Restate the listing below word for word. No picture belongs in the result.

* RECORDED INFORMATION

────────

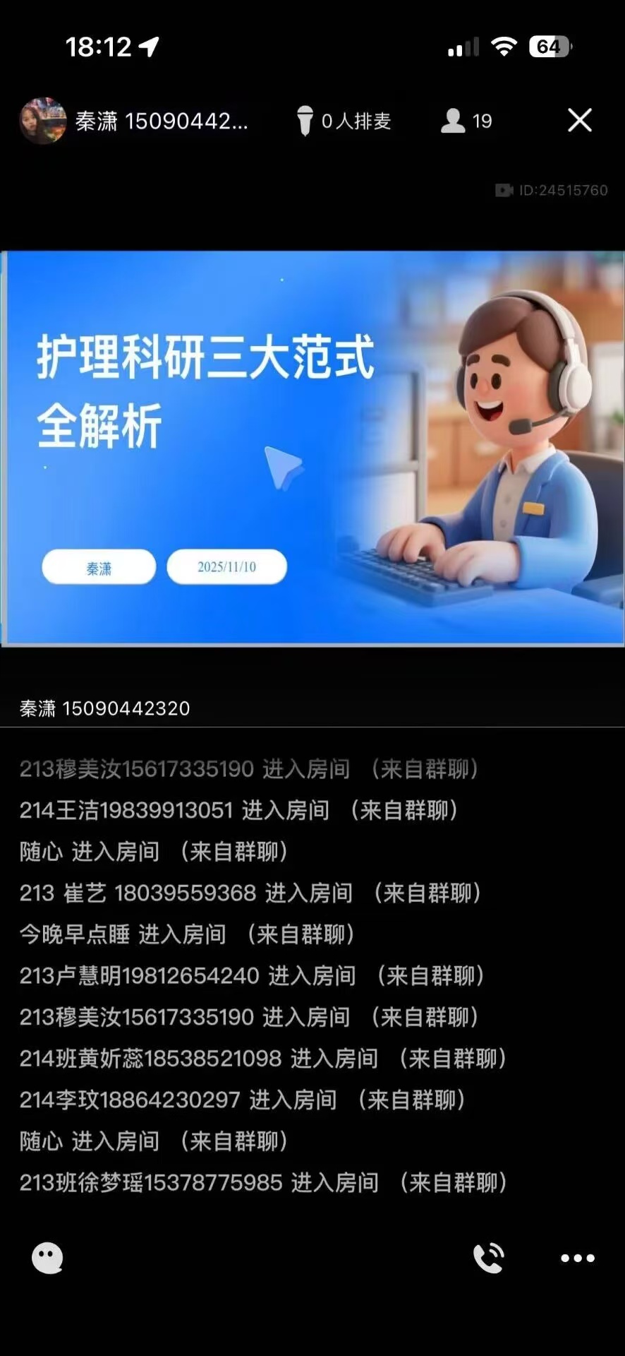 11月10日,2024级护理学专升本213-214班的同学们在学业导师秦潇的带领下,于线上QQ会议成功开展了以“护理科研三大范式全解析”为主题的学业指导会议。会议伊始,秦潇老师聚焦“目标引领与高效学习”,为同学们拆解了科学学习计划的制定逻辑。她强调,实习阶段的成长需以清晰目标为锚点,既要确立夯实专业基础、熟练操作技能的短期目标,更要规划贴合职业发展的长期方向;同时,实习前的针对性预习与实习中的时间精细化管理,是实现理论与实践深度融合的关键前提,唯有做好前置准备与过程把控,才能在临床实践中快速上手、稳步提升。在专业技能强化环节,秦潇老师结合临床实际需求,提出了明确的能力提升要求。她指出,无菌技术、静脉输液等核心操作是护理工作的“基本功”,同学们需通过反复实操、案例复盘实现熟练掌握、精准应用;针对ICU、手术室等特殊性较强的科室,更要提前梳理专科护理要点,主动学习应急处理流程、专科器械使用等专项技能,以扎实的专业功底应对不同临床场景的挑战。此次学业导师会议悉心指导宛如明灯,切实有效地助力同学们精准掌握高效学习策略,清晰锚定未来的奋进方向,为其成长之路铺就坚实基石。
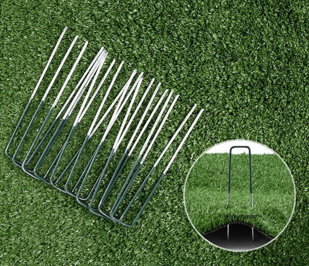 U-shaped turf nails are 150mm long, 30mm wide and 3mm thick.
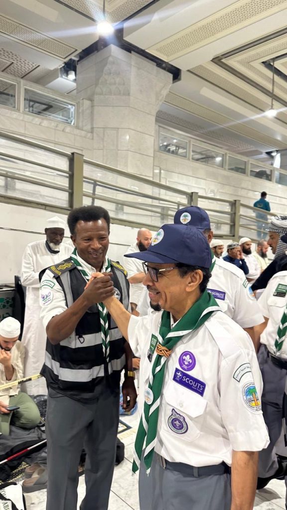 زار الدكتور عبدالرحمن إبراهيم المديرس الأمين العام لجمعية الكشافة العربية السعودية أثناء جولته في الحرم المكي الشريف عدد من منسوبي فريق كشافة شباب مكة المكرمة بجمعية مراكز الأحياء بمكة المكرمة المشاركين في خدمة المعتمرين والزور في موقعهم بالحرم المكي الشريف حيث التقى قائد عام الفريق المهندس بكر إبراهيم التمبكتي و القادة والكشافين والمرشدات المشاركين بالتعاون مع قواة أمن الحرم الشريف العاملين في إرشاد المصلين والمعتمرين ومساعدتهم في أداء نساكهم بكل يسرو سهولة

────────

* RESPONSE
 11月10日,2024级护理学专升本213-214班的同学们在学业导师秦潇的带领下,于线上QQ会议成功开展了以“护理科研三大范式全解析”为主题的学业指导会议。会议伊始,秦潇老师聚焦“目标引领与高效学习”,为同学们拆解了科学学习计划的制定逻辑。她强调,实习阶段的成长需以清晰目标为锚点,既要确立夯实专业基础、熟练操作技能的短期目标,更要规划贴合职业发展的长期方向;同时,实习前的针对性预习与实习中的时间精细化管理,是实现理论与实践深度融合的关键前提,唯有做好前置准备与过程把控,才能在临床实践中快速上手、稳步提升。在专业技能强化环节,秦潇老师结合临床实际需求,提出了明确的能力提升要求。她指出,无菌技术、静脉输液等核心操作是护理工作的“基本功”,同学们需通过反复实操、案例复盘实现熟练掌握、精准应用;针对ICU、手术室等特殊性较强的科室,更要提前梳理专科护理要点,主动学习应急处理流程、专科器械使用等专项技能,以扎实的专业功底应对不同临床场景的挑战。此次学业导师会议悉心指导宛如明灯,切实有效地助力同学们精准掌握高效学习策略,清晰锚定未来的奋进方向,为其成长之路铺就坚实基石。
 U-shaped turf nails are 150mm long, 30mm wide and 3mm thick.
 زار الدكتور عبدالرحمن إبراهيم المديرس الأمين العام لجمعية الكشافة العربية السعودية أثناء جولته في الحرم المكي الشريف عدد من منسوبي فريق كشافة شباب مكة المكرمة بجمعية مراكز الأحياء بمكة المكرمة المشاركين في خدمة المعتمرين والزور في موقعهم بالحرم المكي الشريف حيث التقى قائد عام الفريق المهندس بكر إبراهيم التمبكتي و القادة والكشافين والمرشدات المشاركين بالتعاون مع قواة أمن الحرم الشريف العاملين في إرشاد المصلين والمعتمرين ومساعدتهم في أداء نساكهم بكل يسرو سهولة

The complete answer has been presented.